(Recorded information)
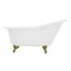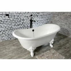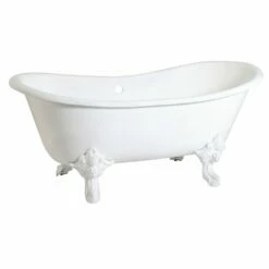 Surround yourself with the perfumed aroma of your favorite candle, grab your favorite piece of literature, and soak all of the stresses of the day away with the all-encompassing embrace of one of Kingston Brass’ finest products, the clawfoot tub. Since the late 19th century, the claw foot tub has stood prominent among bathroom fixtures for its outstanding grandeur. The Kingston Brass Aqua Eden 67-inch cast iron double slipper clawfoot tub (no faucet drillings) will wholly beautify your home for years to come thanks to its durable and heavy cast iron construction. Elegantly crafted clawfoot tub feet are included to further elevate your home’s traditional eminence. This bathtub is enameled in glossy white for a classic look, exceptional durability, and easy care and maintenance for years to come, and its feet are a glossy white to match.
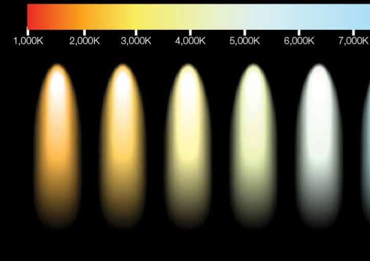 • هرچه عدد کلوین کمتر باشد، رنگ نور تمایل بیشتری به زرد یا گرم دارد (“Warm”). هرچه بیشتر باشد، رنگ نور سفیدتر یا حتی متمایل به آبی (“Cool”) میشود.
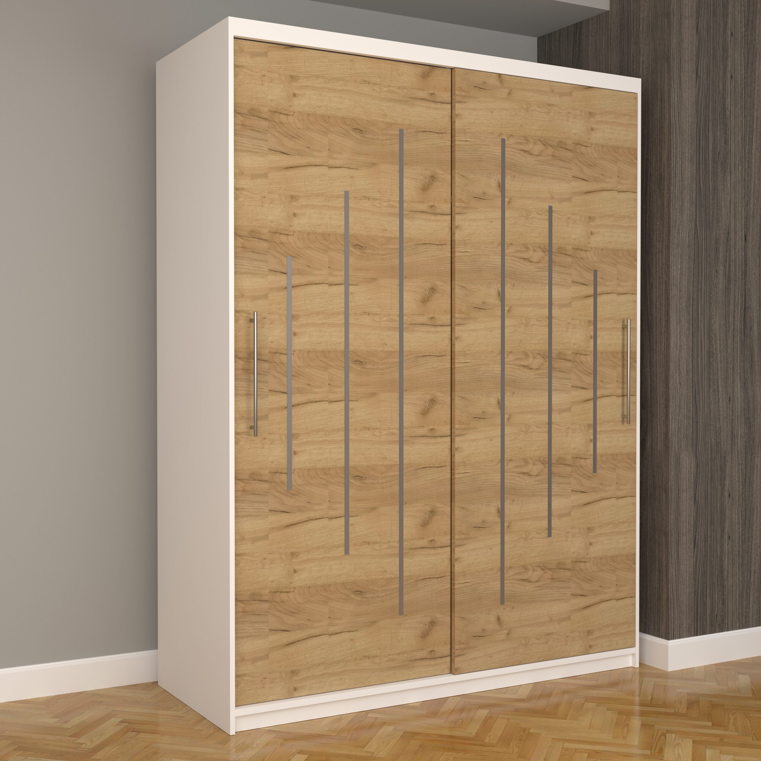 Dulap Dormitor Nova Ultra 150 cm x 200 cm , fara oglinda , alb cu usi glisante oak craft gold
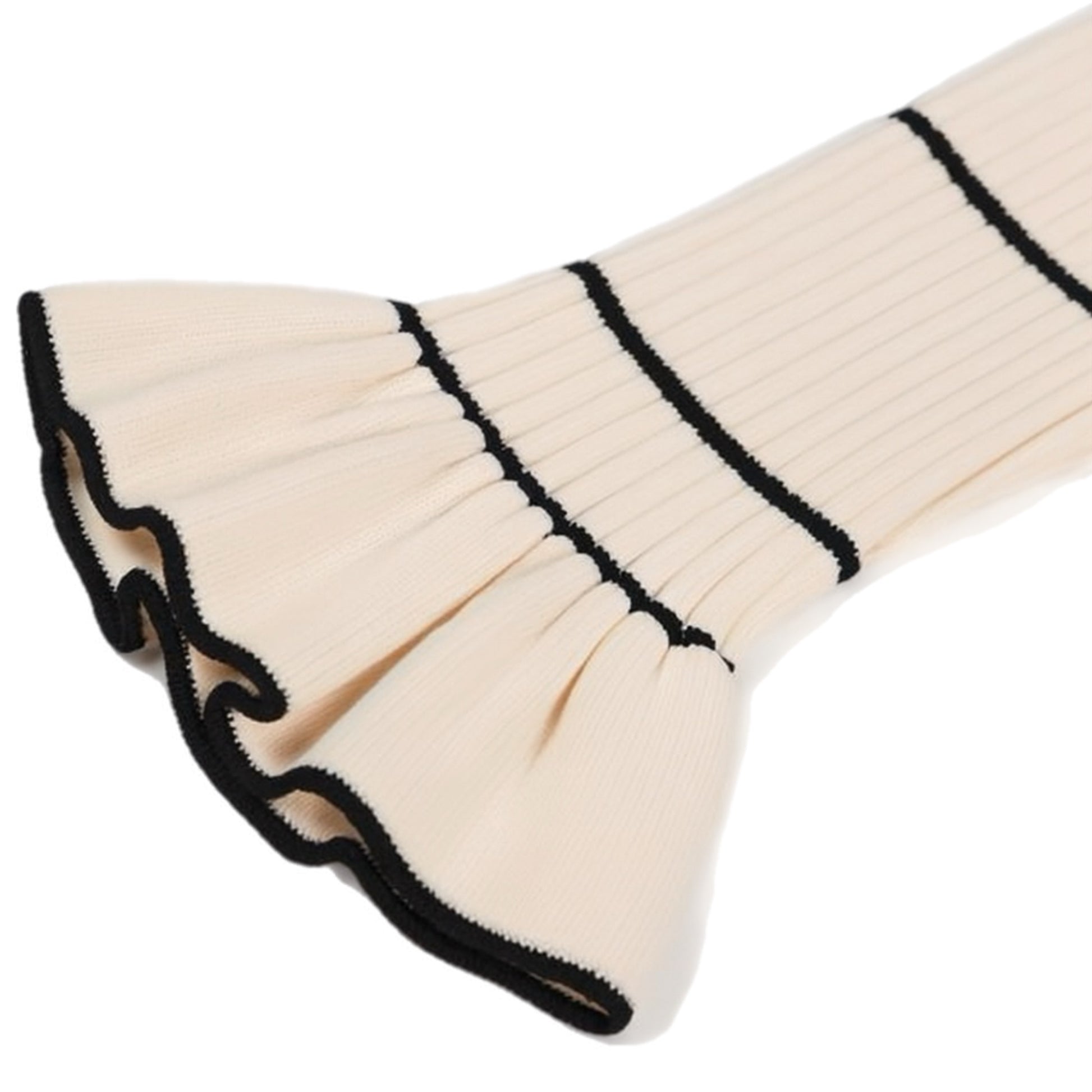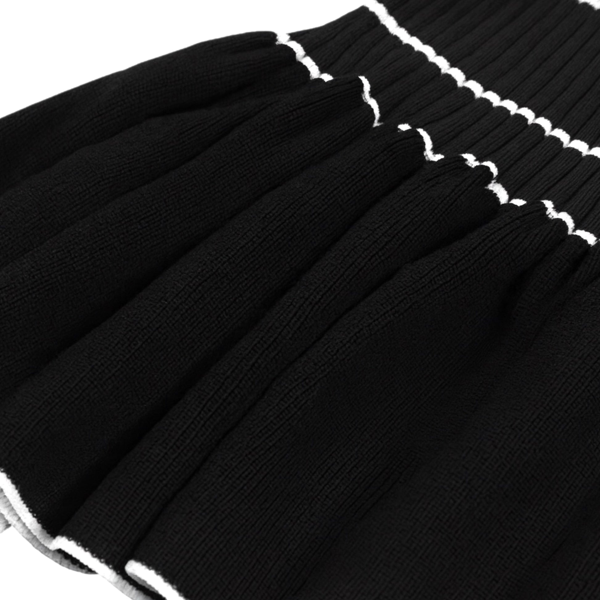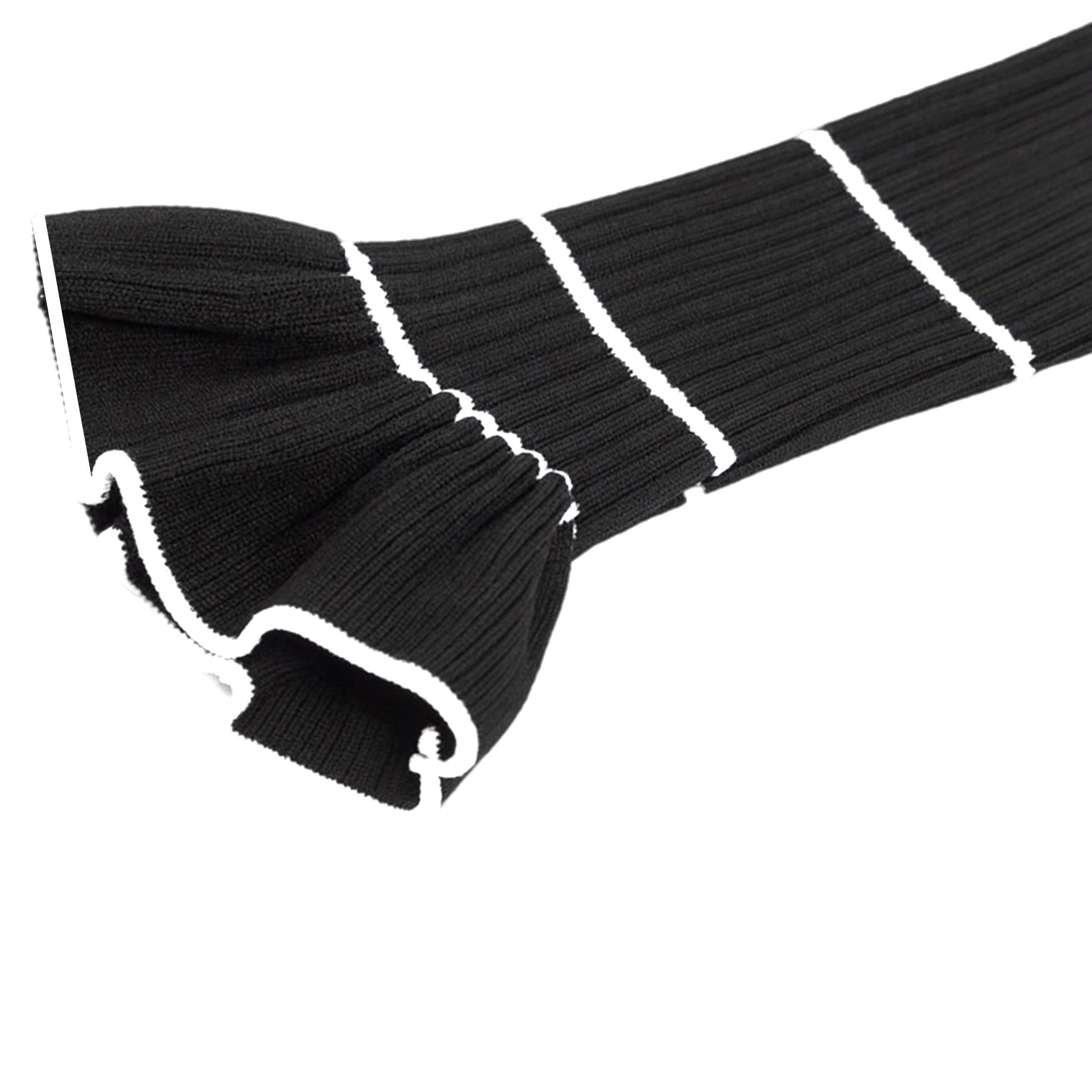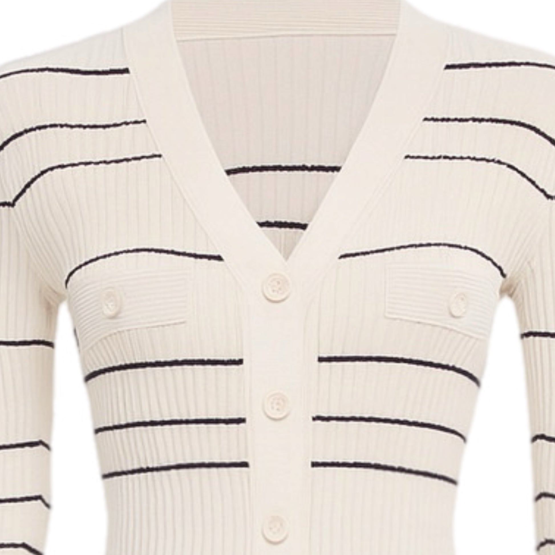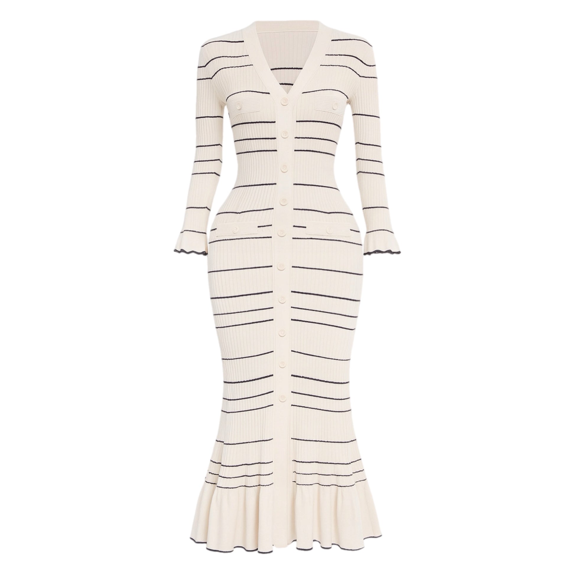 Affirmez votre style avec cette robe longue en maille tricotée à rayures graphiques noires et blanches. Sans manches et dotée d’un col V boutonné, elle combine confort et sophistication pour un look moderne et raffiné.

(What is being asked) The output is the stretch above from the line with "هرچه عدد کلوین" through the line with "Dulap Dormitor Nova", copied word for word with both ends kept and every picture dropped.

(Your solution)
 • هرچه عدد کلوین کمتر باشد، رنگ نور تمایل بیشتری به زرد یا گرم دارد (“Warm”). هرچه بیشتر باشد، رنگ نور سفیدتر یا حتی متمایل به آبی (“Cool”) میشود.
 Dulap Dormitor Nova Ultra 150 cm x 200 cm , fara oglinda , alb cu usi glisante oak craft gold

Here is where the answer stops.